--- DATASET RECORDS ---
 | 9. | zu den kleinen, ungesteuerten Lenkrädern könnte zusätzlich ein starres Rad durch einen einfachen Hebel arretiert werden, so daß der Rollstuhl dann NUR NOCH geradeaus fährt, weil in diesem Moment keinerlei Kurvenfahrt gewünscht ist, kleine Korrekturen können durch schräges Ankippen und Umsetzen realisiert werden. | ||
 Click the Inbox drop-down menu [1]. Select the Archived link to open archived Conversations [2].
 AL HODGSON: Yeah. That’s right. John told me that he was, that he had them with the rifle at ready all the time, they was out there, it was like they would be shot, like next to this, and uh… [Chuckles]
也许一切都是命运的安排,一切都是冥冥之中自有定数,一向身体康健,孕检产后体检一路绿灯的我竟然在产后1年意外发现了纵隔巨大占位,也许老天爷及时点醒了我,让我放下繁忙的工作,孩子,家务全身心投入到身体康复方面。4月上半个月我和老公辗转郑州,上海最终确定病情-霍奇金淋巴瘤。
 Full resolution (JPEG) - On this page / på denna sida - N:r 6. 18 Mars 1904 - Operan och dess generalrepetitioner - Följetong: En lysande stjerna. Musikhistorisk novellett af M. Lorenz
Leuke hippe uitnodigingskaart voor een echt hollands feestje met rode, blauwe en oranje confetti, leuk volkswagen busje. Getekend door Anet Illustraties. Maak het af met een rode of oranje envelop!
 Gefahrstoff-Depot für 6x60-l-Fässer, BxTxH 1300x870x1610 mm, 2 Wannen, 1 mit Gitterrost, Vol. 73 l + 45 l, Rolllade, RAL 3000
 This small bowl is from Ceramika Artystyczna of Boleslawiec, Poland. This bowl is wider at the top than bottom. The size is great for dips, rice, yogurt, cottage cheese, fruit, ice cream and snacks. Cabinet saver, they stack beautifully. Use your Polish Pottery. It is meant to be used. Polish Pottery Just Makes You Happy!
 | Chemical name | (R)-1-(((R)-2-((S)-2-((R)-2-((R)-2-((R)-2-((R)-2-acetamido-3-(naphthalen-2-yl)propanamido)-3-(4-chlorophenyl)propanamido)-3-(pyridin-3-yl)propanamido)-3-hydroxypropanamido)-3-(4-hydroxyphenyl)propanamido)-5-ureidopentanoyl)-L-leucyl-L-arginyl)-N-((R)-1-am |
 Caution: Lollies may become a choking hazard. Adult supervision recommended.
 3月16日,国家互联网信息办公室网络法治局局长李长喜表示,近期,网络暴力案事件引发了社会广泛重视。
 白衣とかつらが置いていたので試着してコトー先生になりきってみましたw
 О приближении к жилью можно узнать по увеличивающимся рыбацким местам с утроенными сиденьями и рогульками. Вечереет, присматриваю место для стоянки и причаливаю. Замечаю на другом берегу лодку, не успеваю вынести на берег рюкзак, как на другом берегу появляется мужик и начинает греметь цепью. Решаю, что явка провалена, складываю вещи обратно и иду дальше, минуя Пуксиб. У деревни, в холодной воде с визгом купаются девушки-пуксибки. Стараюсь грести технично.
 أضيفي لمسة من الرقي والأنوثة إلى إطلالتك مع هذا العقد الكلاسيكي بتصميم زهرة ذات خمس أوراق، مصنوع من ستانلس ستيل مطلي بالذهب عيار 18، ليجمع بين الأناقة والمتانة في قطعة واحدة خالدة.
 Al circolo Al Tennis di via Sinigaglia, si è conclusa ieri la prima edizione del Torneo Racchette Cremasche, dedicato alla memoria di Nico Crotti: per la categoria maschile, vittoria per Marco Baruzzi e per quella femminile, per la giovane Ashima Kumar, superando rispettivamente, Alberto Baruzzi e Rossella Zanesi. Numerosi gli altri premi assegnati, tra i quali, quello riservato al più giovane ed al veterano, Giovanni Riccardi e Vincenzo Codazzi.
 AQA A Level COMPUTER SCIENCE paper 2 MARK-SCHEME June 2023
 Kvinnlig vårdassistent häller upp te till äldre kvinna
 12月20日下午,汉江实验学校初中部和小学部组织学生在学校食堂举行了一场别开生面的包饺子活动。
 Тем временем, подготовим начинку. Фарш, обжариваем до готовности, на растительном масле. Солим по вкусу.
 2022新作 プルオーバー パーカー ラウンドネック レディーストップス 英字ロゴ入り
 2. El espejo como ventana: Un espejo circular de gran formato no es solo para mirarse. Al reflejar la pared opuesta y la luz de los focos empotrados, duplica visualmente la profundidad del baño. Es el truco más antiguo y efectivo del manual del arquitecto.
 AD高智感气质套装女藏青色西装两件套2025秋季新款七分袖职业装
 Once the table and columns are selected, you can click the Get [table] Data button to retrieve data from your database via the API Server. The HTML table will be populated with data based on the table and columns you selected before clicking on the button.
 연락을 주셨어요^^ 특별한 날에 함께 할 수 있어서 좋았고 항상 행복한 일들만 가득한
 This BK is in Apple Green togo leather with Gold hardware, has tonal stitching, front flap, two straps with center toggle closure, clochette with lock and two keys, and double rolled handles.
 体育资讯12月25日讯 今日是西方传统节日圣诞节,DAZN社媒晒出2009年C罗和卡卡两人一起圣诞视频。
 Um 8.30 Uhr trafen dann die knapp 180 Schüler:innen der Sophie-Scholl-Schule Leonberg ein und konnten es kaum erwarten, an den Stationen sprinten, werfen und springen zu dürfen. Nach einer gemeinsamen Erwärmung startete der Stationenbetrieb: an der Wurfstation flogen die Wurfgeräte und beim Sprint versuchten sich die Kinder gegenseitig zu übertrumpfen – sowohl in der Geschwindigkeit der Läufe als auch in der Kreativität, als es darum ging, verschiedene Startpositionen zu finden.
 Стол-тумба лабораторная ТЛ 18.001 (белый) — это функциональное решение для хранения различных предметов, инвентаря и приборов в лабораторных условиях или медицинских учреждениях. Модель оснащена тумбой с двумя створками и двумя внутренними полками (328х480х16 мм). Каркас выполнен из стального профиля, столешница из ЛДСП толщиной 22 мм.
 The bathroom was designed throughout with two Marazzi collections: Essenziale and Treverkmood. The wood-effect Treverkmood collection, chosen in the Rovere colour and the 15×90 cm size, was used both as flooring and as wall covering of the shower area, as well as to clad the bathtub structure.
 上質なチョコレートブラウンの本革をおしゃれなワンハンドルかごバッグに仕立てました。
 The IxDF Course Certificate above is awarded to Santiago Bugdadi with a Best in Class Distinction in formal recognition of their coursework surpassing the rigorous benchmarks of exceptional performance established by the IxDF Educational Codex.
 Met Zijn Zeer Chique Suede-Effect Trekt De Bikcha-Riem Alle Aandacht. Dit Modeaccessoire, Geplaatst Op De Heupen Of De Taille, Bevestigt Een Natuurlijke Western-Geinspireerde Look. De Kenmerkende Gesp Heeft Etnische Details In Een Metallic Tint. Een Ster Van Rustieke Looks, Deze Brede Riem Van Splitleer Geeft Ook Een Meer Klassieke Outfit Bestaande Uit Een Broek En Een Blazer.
---
*DESCRIPTION OF THE TASK*.
The entire set of records should be returned exactly.

*WRITTEN ANSWER*.
 | 9. | zu den kleinen, ungesteuerten Lenkrädern könnte zusätzlich ein starres Rad durch einen einfachen Hebel arretiert werden, so daß der Rollstuhl dann NUR NOCH geradeaus fährt, weil in diesem Moment keinerlei Kurvenfahrt gewünscht ist, kleine Korrekturen können durch schräges Ankippen und Umsetzen realisiert werden. | ||
 Click the Inbox drop-down menu [1]. Select the Archived link to open archived Conversations [2].
 AL HODGSON: Yeah. That’s right. John told me that he was, that he had them with the rifle at ready all the time, they was out there, it was like they would be shot, like next to this, and uh… [Chuckles]
也许一切都是命运的安排,一切都是冥冥之中自有定数,一向身体康健,孕检产后体检一路绿灯的我竟然在产后1年意外发现了纵隔巨大占位,也许老天爷及时点醒了我,让我放下繁忙的工作,孩子,家务全身心投入到身体康复方面。4月上半个月我和老公辗转郑州,上海最终确定病情-霍奇金淋巴瘤。
 Full resolution (JPEG) - On this page / på denna sida - N:r 6. 18 Mars 1904 - Operan och dess generalrepetitioner - Följetong: En lysande stjerna. Musikhistorisk novellett af M. Lorenz
Leuke hippe uitnodigingskaart voor een echt hollands feestje met rode, blauwe en oranje confetti, leuk volkswagen busje. Getekend door Anet Illustraties. Maak het af met een rode of oranje envelop!
 Gefahrstoff-Depot für 6x60-l-Fässer, BxTxH 1300x870x1610 mm, 2 Wannen, 1 mit Gitterrost, Vol. 73 l + 45 l, Rolllade, RAL 3000
 This small bowl is from Ceramika Artystyczna of Boleslawiec, Poland. This bowl is wider at the top than bottom. The size is great for dips, rice, yogurt, cottage cheese, fruit, ice cream and snacks. Cabinet saver, they stack beautifully. Use your Polish Pottery. It is meant to be used. Polish Pottery Just Makes You Happy!
 | Chemical name | (R)-1-(((R)-2-((S)-2-((R)-2-((R)-2-((R)-2-((R)-2-acetamido-3-(naphthalen-2-yl)propanamido)-3-(4-chlorophenyl)propanamido)-3-(pyridin-3-yl)propanamido)-3-hydroxypropanamido)-3-(4-hydroxyphenyl)propanamido)-5-ureidopentanoyl)-L-leucyl-L-arginyl)-N-((R)-1-am |
 Caution: Lollies may become a choking hazard. Adult supervision recommended.
 3月16日,国家互联网信息办公室网络法治局局长李长喜表示,近期,网络暴力案事件引发了社会广泛重视。
 白衣とかつらが置いていたので試着してコトー先生になりきってみましたw
 О приближении к жилью можно узнать по увеличивающимся рыбацким местам с утроенными сиденьями и рогульками. Вечереет, присматриваю место для стоянки и причаливаю. Замечаю на другом берегу лодку, не успеваю вынести на берег рюкзак, как на другом берегу появляется мужик и начинает греметь цепью. Решаю, что явка провалена, складываю вещи обратно и иду дальше, минуя Пуксиб. У деревни, в холодной воде с визгом купаются девушки-пуксибки. Стараюсь грести технично.
 أضيفي لمسة من الرقي والأنوثة إلى إطلالتك مع هذا العقد الكلاسيكي بتصميم زهرة ذات خمس أوراق، مصنوع من ستانلس ستيل مطلي بالذهب عيار 18، ليجمع بين الأناقة والمتانة في قطعة واحدة خالدة.
 Al circolo Al Tennis di via Sinigaglia, si è conclusa ieri la prima edizione del Torneo Racchette Cremasche, dedicato alla memoria di Nico Crotti: per la categoria maschile, vittoria per Marco Baruzzi e per quella femminile, per la giovane Ashima Kumar, superando rispettivamente, Alberto Baruzzi e Rossella Zanesi. Numerosi gli altri premi assegnati, tra i quali, quello riservato al più giovane ed al veterano, Giovanni Riccardi e Vincenzo Codazzi.
 AQA A Level COMPUTER SCIENCE paper 2 MARK-SCHEME June 2023
 Kvinnlig vårdassistent häller upp te till äldre kvinna
 12月20日下午,汉江实验学校初中部和小学部组织学生在学校食堂举行了一场别开生面的包饺子活动。
 Тем временем, подготовим начинку. Фарш, обжариваем до готовности, на растительном масле. Солим по вкусу.
 2022新作 プルオーバー パーカー ラウンドネック レディーストップス 英字ロゴ入り
 2. El espejo como ventana: Un espejo circular de gran formato no es solo para mirarse. Al reflejar la pared opuesta y la luz de los focos empotrados, duplica visualmente la profundidad del baño. Es el truco más antiguo y efectivo del manual del arquitecto.
 AD高智感气质套装女藏青色西装两件套2025秋季新款七分袖职业装
 Once the table and columns are selected, you can click the Get [table] Data button to retrieve data from your database via the API Server. The HTML table will be populated with data based on the table and columns you selected before clicking on the button.
 연락을 주셨어요^^ 특별한 날에 함께 할 수 있어서 좋았고 항상 행복한 일들만 가득한
 This BK is in Apple Green togo leather with Gold hardware, has tonal stitching, front flap, two straps with center toggle closure, clochette with lock and two keys, and double rolled handles.
 体育资讯12月25日讯 今日是西方传统节日圣诞节,DAZN社媒晒出2009年C罗和卡卡两人一起圣诞视频。
 Um 8.30 Uhr trafen dann die knapp 180 Schüler:innen der Sophie-Scholl-Schule Leonberg ein und konnten es kaum erwarten, an den Stationen sprinten, werfen und springen zu dürfen. Nach einer gemeinsamen Erwärmung startete der Stationenbetrieb: an der Wurfstation flogen die Wurfgeräte und beim Sprint versuchten sich die Kinder gegenseitig zu übertrumpfen – sowohl in der Geschwindigkeit der Läufe als auch in der Kreativität, als es darum ging, verschiedene Startpositionen zu finden.
 Стол-тумба лабораторная ТЛ 18.001 (белый) — это функциональное решение для хранения различных предметов, инвентаря и приборов в лабораторных условиях или медицинских учреждениях. Модель оснащена тумбой с двумя створками и двумя внутренними полками (328х480х16 мм). Каркас выполнен из стального профиля, столешница из ЛДСП толщиной 22 мм.
 The bathroom was designed throughout with two Marazzi collections: Essenziale and Treverkmood. The wood-effect Treverkmood collection, chosen in the Rovere colour and the 15×90 cm size, was used both as flooring and as wall covering of the shower area, as well as to clad the bathtub structure.
 上質なチョコレートブラウンの本革をおしゃれなワンハンドルかごバッグに仕立てました。
 The IxDF Course Certificate above is awarded to Santiago Bugdadi with a Best in Class Distinction in formal recognition of their coursework surpassing the rigorous benchmarks of exceptional performance established by the IxDF Educational Codex.
 Met Zijn Zeer Chique Suede-Effect Trekt De Bikcha-Riem Alle Aandacht. Dit Modeaccessoire, Geplaatst Op De Heupen Of De Taille, Bevestigt Een Natuurlijke Western-Geinspireerde Look. De Kenmerkende Gesp Heeft Etnische Details In Een Metallic Tint. Een Ster Van Rustieke Looks, Deze Brede Riem Van Splitleer Geeft Ook Een Meer Klassieke Outfit Bestaande Uit Een Broek En Een Blazer.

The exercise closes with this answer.